H. S. M.
Foreign Ambassadors (Vol. iv., p. 442.).
—The information solicited in p. 442. has, in some degree, been subsequently given at page 477.; but, I believe, much more distinctly in the Gentleman's Magazine for November and December, 1840, so far, at least, as embracing the French ambassadors to the English court from the fourteenth to the eighteenth century. A personal account of each is there given in reply to the inquiry of Mr. John Holmes of the British Museum, and under the signature of
J. R. (Cork.)
Church, whence derived (Vol. v., p. 79.).
—Theophilus Anglicanus supplies a sufficient answer to MR. GEORGE STEPHENS' inquiries respecting the word church.
There can be no doubt about its etymology. The only question of difficulty seems to be, why did the church of Rome adopt the word ἐκκλησία from the Greeks, and not κυριακὴ? Was it that they had a word of their own, viz. Dominica? or was it, that ecclesia was already a naturalised word? However this may be, Dr.
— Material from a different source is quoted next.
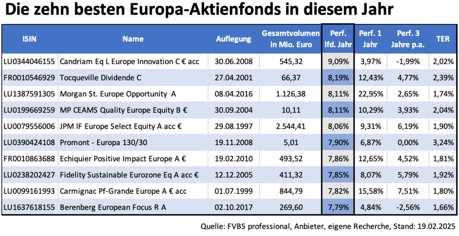 In den ersten sieben Wochen dieses Jahres konnten einige Fondsmanager beeindruckende Erfolge erzielen. An erster Stelle ist hier der Candriam Equities L Europe Innovation C zu nennen, der aktuell die Rangliste der performancestärksten Europa-Fonds in diesem Jahr anführt. Der Tocqueville Dividende C folgt mit einem Prozentpunkt Abstand. Knapp dahinter teilen sich der Morgan Stanley Europe Opportunity A und der MP CEAMS Quality Europe Equity B die Plätze.

Wordsworth bases upon the fact an important argument, tending to show that the Britons did not receive their christianity in the first instance from Rome:
"We may appeal," he says (Part II. chap. ii.), "to the English word church, which is derived, as has been before said, from the Greek κυριακὴ, a term which no Roman ever applied to the church (which he called ecclesia, and by no other name); and it is not credible, that, if the British church had been derived from Rome, it should have been designated by a title alike foreign to Romans and to Britons themselves."
If this argument be of any value in relation to Britain, it (of course) would not be without its worth to those who ascribe the primary conversion of the Teutonic countries, which MR. STEPHENS mentions, to the early British and Irish missionaries.
J. SANSOM.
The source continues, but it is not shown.